* WORK INSTRUCTION: Find the line holding "Стручковый горошек опустить" in the entries below. Give it again exactly, along with every line after it up to and including the line holding "청춘을 위한 복합문화".

* RECORDS SUPPLIED:
※
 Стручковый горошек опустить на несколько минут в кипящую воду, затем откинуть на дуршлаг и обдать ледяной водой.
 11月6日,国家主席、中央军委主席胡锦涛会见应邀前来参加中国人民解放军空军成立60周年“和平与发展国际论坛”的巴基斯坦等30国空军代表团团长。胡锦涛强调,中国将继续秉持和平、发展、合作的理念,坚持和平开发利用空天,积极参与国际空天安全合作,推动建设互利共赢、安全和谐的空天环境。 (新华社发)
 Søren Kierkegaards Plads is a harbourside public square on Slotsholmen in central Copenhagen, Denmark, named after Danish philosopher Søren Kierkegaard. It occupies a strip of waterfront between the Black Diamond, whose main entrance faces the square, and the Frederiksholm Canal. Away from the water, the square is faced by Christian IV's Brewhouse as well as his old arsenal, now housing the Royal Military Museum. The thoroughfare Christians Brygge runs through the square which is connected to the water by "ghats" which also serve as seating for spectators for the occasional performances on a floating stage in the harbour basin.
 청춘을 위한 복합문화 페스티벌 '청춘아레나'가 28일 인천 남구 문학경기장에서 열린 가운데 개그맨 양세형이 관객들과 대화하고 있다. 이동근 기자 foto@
※
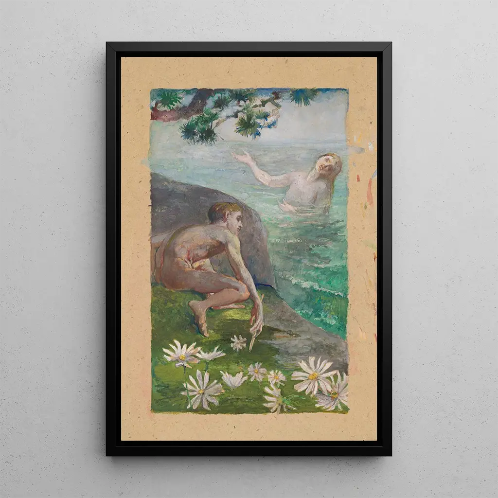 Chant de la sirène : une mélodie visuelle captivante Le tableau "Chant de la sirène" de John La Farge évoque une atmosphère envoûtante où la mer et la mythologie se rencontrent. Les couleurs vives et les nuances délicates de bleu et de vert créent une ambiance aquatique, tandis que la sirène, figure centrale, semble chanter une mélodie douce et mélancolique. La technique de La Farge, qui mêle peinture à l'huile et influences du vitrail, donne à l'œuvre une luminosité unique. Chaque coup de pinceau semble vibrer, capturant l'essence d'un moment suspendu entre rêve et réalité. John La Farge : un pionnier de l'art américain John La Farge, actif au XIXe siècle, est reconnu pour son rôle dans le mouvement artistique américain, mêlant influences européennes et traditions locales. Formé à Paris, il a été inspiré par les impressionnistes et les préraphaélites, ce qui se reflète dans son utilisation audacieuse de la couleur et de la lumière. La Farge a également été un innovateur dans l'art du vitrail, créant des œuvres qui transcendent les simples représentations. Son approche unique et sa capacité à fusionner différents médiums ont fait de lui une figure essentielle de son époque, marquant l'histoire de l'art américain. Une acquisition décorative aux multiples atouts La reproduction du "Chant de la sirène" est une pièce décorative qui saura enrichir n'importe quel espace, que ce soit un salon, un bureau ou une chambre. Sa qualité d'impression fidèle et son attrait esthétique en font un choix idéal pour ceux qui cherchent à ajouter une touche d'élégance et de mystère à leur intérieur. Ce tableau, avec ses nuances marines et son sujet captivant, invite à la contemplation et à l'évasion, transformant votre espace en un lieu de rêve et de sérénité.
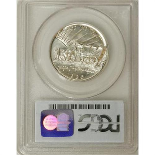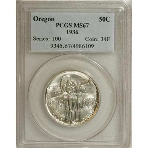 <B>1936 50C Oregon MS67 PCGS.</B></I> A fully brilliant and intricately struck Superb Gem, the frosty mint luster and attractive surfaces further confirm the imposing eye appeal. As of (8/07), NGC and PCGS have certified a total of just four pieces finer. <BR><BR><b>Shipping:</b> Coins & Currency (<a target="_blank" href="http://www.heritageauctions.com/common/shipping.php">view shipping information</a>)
※
* PROBLEM SOLUTION:
 Стручковый горошек опустить на несколько минут в кипящую воду, затем откинуть на дуршлаг и обдать ледяной водой.
 11月6日,国家主席、中央军委主席胡锦涛会见应邀前来参加中国人民解放军空军成立60周年“和平与发展国际论坛”的巴基斯坦等30国空军代表团团长。胡锦涛强调,中国将继续秉持和平、发展、合作的理念,坚持和平开发利用空天,积极参与国际空天安全合作,推动建设互利共赢、安全和谐的空天环境。 (新华社发)
 Søren Kierkegaards Plads is a harbourside public square on Slotsholmen in central Copenhagen, Denmark, named after Danish philosopher Søren Kierkegaard. It occupies a strip of waterfront between the Black Diamond, whose main entrance faces the square, and the Frederiksholm Canal. Away from the water, the square is faced by Christian IV's Brewhouse as well as his old arsenal, now housing the Royal Military Museum. The thoroughfare Christians Brygge runs through the square which is connected to the water by "ghats" which also serve as seating for spectators for the occasional performances on a floating stage in the harbour basin.
 청춘을 위한 복합문화 페스티벌 '청춘아레나'가 28일 인천 남구 문학경기장에서 열린 가운데 개그맨 양세형이 관객들과 대화하고 있다. 이동근 기자 foto@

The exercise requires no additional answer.